We can get rid of the negative sign by posing this as a maximization problem. That is, maximize $\frac{1}{n} w^TCw$. It is important to note that it maximizes the variance, not the error. There are $d$ eigenvectors for the covariance matrix $C$, of these, it is the eigenvector corresponding to the maximum eigenvalue that maximizes the quantity $\frac{1}{n} w^TCw$.
Algorithm
- A dataset $X = {x_1,x_2,\cdots,x_n} \quad x_i \in \mathbb{R}^d $
- Compute the mean vector $\mu = \frac{1}{n} \sum \limits_{i=1}^{n}x_i$, $\mu \in \mathbb{R}^d$
- Subtract the mean from each data point. It centers the data points about the origin as we assume the existence of vector space to find $w_i$. The vector space necessarily includes the origin.
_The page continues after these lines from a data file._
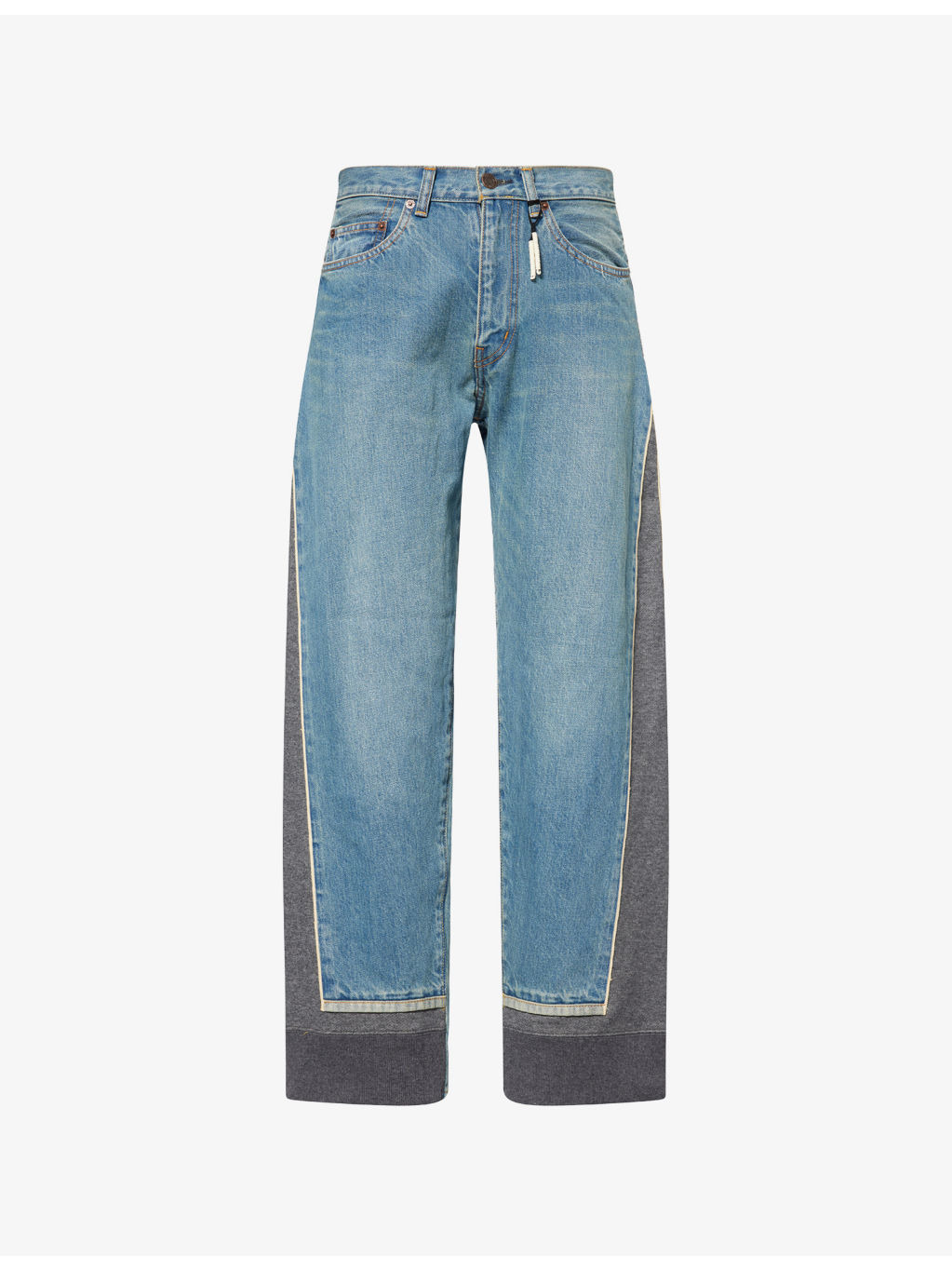 PRODUCT DETAILS - Undercover denim jeans - 100% cotton - Button and zip-fly fastenings at front - Regular fit, mid-rise, straight leg, belt loops, five pockets, contrasting side panels - Hand wash - Made in Japan - True to size - Size 1: rise 11in / 28cm, inside leg 28in / 71cm, leg opening 16in / 41cm - Model is 5ft 10in/1.78m and wears a size 2 - Midweight, non-stretch Ref: R04496810
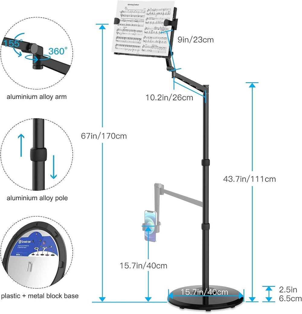 Smatree Notenständer iPad Floor Stand, iPad Mini 6 8,3 Zoll Mount Holder 360 Grad Drehbar Höhenverst
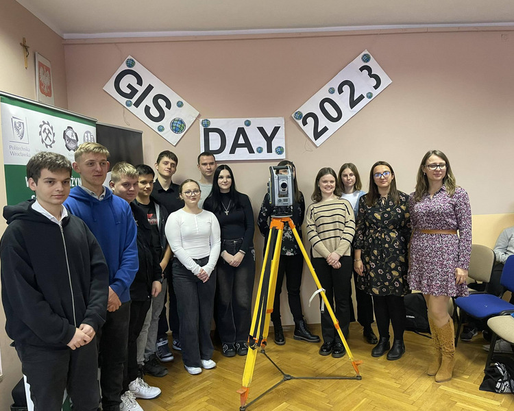 W tym roku naszymi gośćmi były przedstawicielki Politechniki Wrocławskiej. Ekspertki przedstawiły zagadnienia z dziedziny nauki, w których GIS znajduje zastosowanie oraz zapoznały uczniów z najnowszym sprzętem pomiarowym. Uczniowie mieli okazję wykonać krótkie pomiary na nowoczesnym tachimetrze. Oprócz tego wyświetlono prezentacje naszych uczniów. Dotyczyły one GIS'u, SIP'u, Elektrotechniki w GIS'ie, a także ciekawych miejsc na świecie i stadionów w Hiszpanii w formie STORY MAPS.
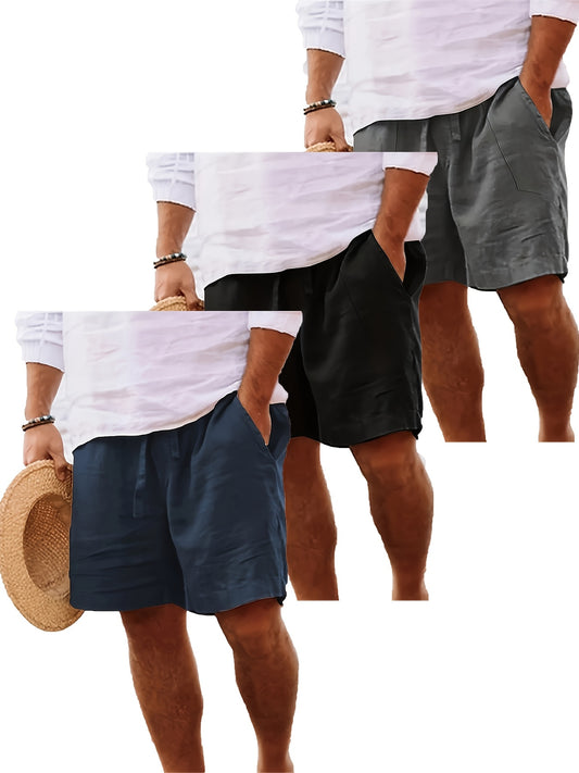 Men's Summer Cotton Drawstring Elastic Waist Straight-Leg Solid Color Breathable Casual Beach Shorts - 3pcs
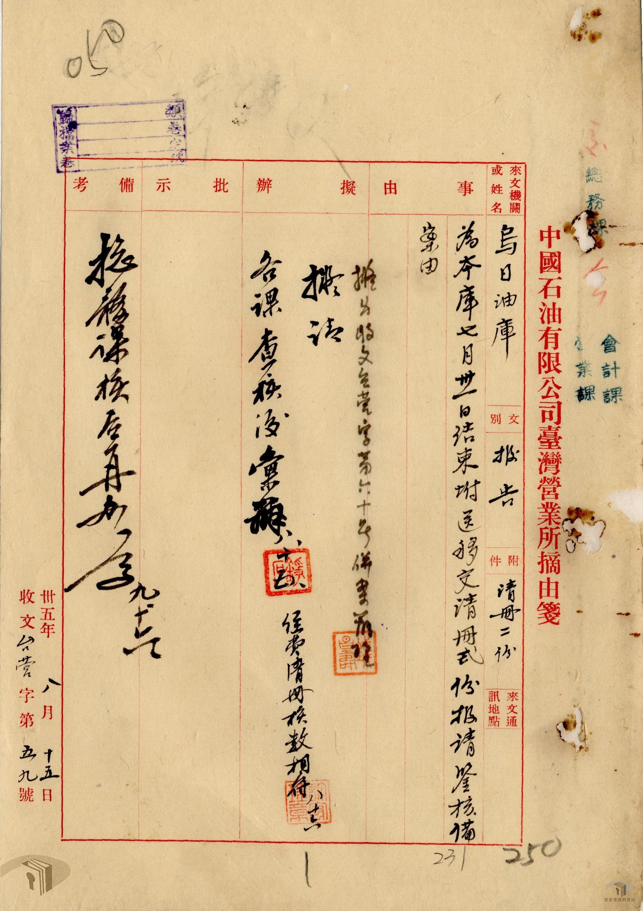 日據時期,臺灣的石油產業相當發達。光復之初,石油事業接管委員會負責接收日產石油事業。民國35年(1946)6月1日,中國石油有限公司於上海成立,為國營事業,隸屬資源委員會(按:民國38年(1949)隨政府播遷來臺後,改隸經濟部)。中國石油有限公司成立之後,隨即在臺灣設立臺灣營業所,除了持續接收日產外,也從事油氣之進口、開發、煉製、輸儲與銷售,以及石油化學原料之生產供應。
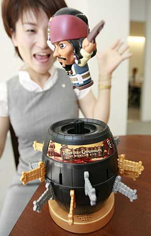 日本東京一家玩具公司的職員演示該公司新推出的玩具“海盜飛人”。這款玩具根據電影《加勒比海盜》設計,海盜小人以影片主人公杰克船長為原型。如果玩家拔錯插在桶上的刀,藏在桶中的杰克船長就會飛出來。
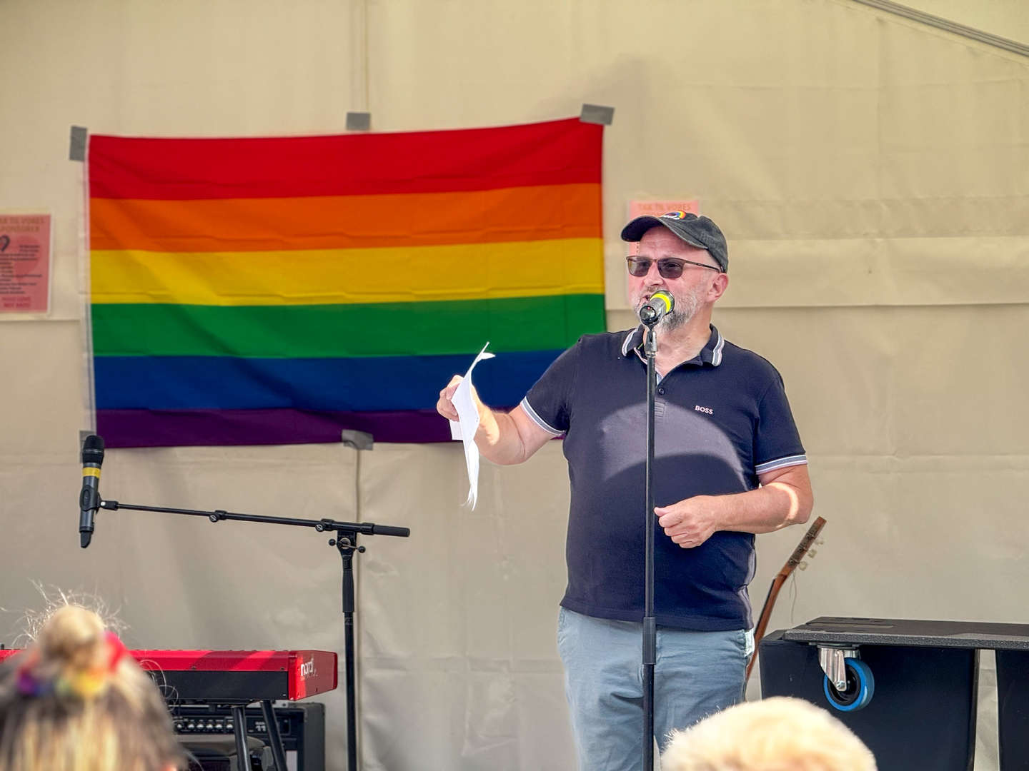 – Jeg ved, at der er mange, som slet ikke ville turde dukke op i dag. Så tak til alle jer, for I gik også for dem der ikke turde det eller ikke magtede det, fortalte Flemming Stougaard, formand for Pride Bornholm, i sin tale på Store Torv.
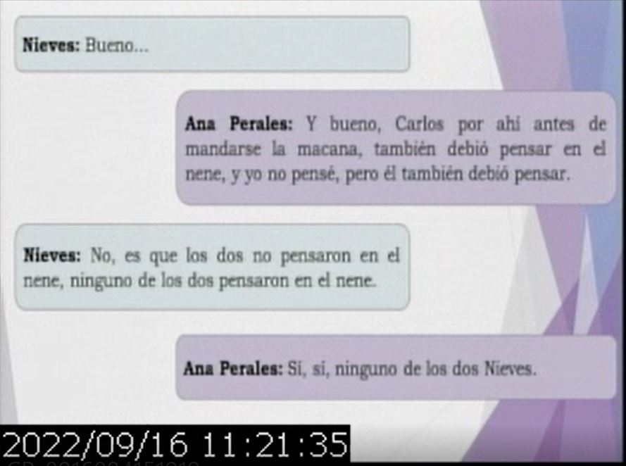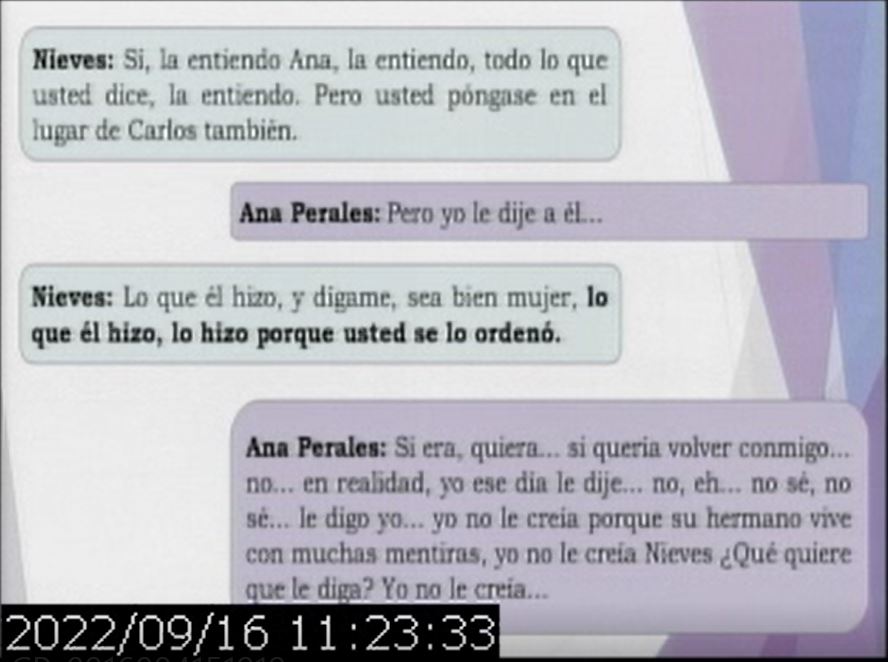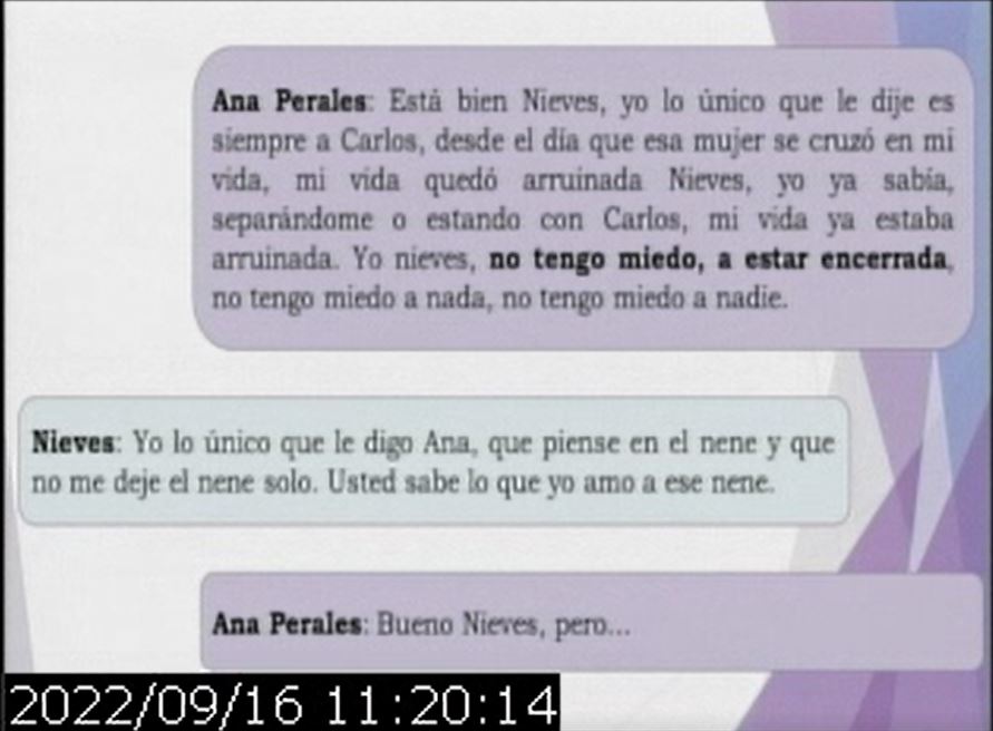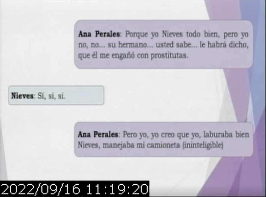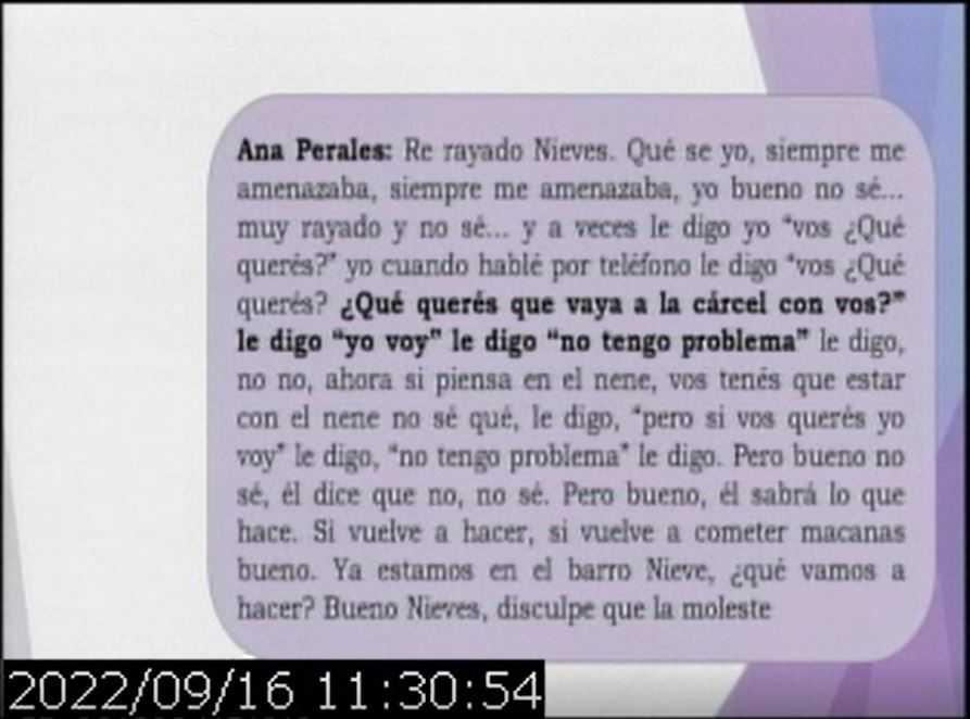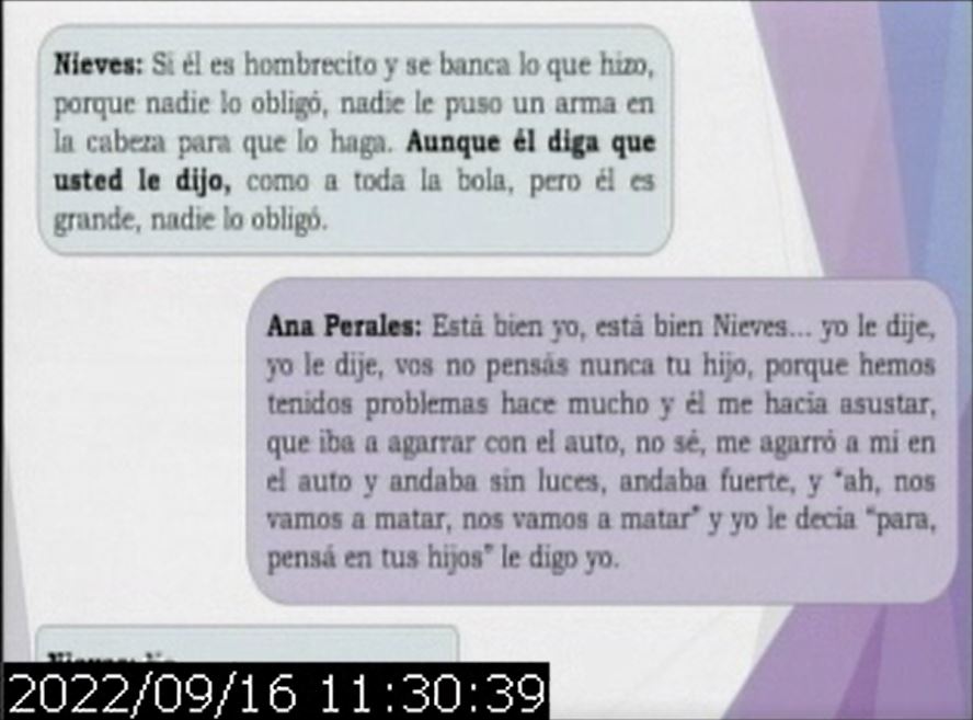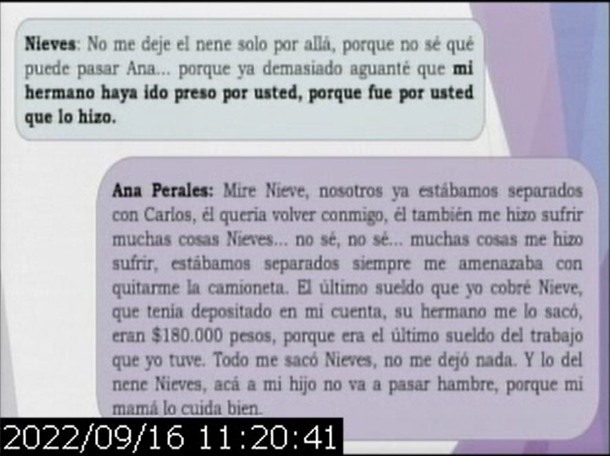Luego se reprodujeron los diálogos entre el femicida y su esposa, en la que ella le cuenta tramos de la charla que tuvo con Nieves, y hablan de la situación en la que están involucrados.
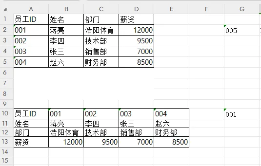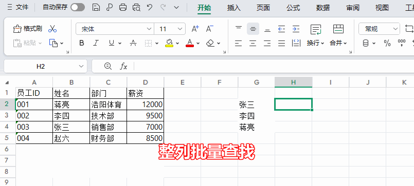 整列查找:要查找多位员工的薪资,可将查找值设为包含多个姓名的区域,返回数组设为薪资列

- Project the data points onto the $w_i$ for all $i$.
Principal Components
The eigenvectors $(w_i)$ of the covariance matrix $C$ are called the principal directions and the eigenvalues $(c_i)$ corresponding to the eigenvectors convey the amount of variance along that direction. The component of the data point $x_i$ projected on each principal direction is called the Principal Component.
So we can say that any data point can be decomposed into its principal components (called Analysis) and synthesized back using the sum of principal components (called Synthesis).
Recall that, suppose we have a thousand data points each of size 100. To store all the data points, assuming one byte of memory to store an element, we need $1000 \times 100 \times 1 = 100 KB$ of memory. However, if we use the projected version of all the data points, then we need to store only $c_i, i=1 \cdots 1000$ and the eigenvector $w \in \mathbb{R}^{100}$, which requires $1000 \times 1 + 100 = 1 KB$ of memory. That is a 100 times reduction in memory (of course, at the cost of losing more information).
What if we consider the second-largest eigenvector? It adds new information from that direction at the cost of doubling the memory requirement from 1KB to 2KB. If we use all the eigenvectors, then we can exactly reconstruct the data points without losing any information (the error becomes zero). If the data points live in a lower dimensional subspace, then the error becomes zero with a few eigenvectors. That’s what exactly PCA does.
The application of PCA is numerous. It is used to remove the noise from the data points, de-correlate the correlated features, feature extraction and so on.
Just A baby step
Principal Component Analysis (PCA) is just a baby step toward representation learning. The projection is on to the subspace spanned by the principal components which are lines and planes. Moreover, we expect the data points to have a high variance representation in the lower dimensional subspace for PCA to be helpful. It may not always be the case. What happens to the variance of principal components if the data points are distributed on a unit circle in $\mathbb{R}^2$? Then all the points are linearly independent. We need to use another technique called Independent Component Analysis (ICA). We may apply some kernel tricks on the data points (Kernel PCA), or even neural network-based approaches like AutoEncoders!